I just finished merging https://github.com/lcolladotor/biocthis/pull/11 and adding several features. The stuff about docker first then mac & Windows is no longer true, since now all 3 of them run in parallel, thanks to Marcel ^^.

Regarding cron, we can mention it somewhere on the docs, but I wouldn't make it the default. Just as a note, you might want to avoid Fridays since that's the day that the bioconductor docker devel image gets updated.

I have a few meetings and have to polish another package later today. But I'll come back to this issue. If you have time, I'd appreciate a PR for documenting the cron code and/or ubuntu names & RSPM.

Best, Leo

LiNk-NY commented 3 years ago

Hi all, @lcolladotor

I agree with @nuno-agostinho about having parallel checks on the package running. If we were to consider the "pure" Bioconductor approach, we would only use Biconductor "ordained" Docker images which would point to the Linux builds. As mentioned in other conversations, the Bioconductor Build System (BBS) is quite hard to replicate due to its complexity. Currently, the Bioc Docker images are the ones closest to matching the BBS setup. Any failures specific to Windows / Mac will not necessarily be the case on the BBS which sort of detracts from having the Windows / Mac versions available.

Cron jobs are icing on the cake and should be optional inputs to the use_bioc_github_action function for maintainers that want continual checks.

RSPM: I agree that the RSPM link will change when the Ubuntu version changes.
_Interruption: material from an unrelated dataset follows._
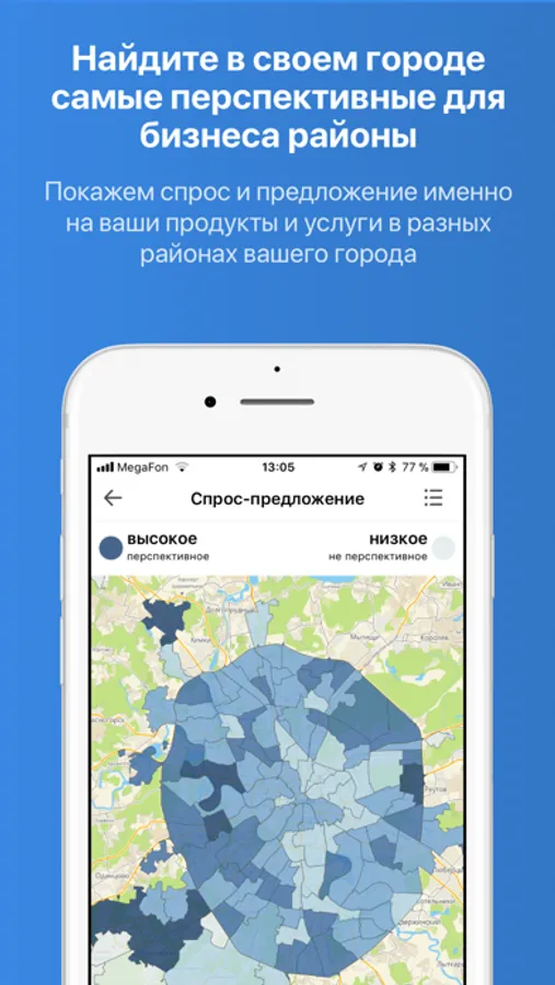 · Автоматический расчет спроса и предложения. Бизнес-навигатор покажет, в каком районе города ваш бизнес получит больше клиентов с учетом расположения конкурентов, количества жителей и сотрудников офисов и предприятий поблизости.

It is a matter for maintainers to pick this up when it does. The next LTS release version is quite a ways ahead of us (it gets released every 2 years AFAIK). We could even use this map to automatically change that link: https://wiki.ubuntu.com/DevelopmentCodeNames

Best, Marcel

lcolladotor commented 3 years ago

Those cron jobs could be expensive icing on the cake hehe ;) Specially if you are testing a package on a private GitHub repo.

And thanks for the link on RSPM. I don't think that we need to make that code dynamic really, given the 2 year time window you outlined.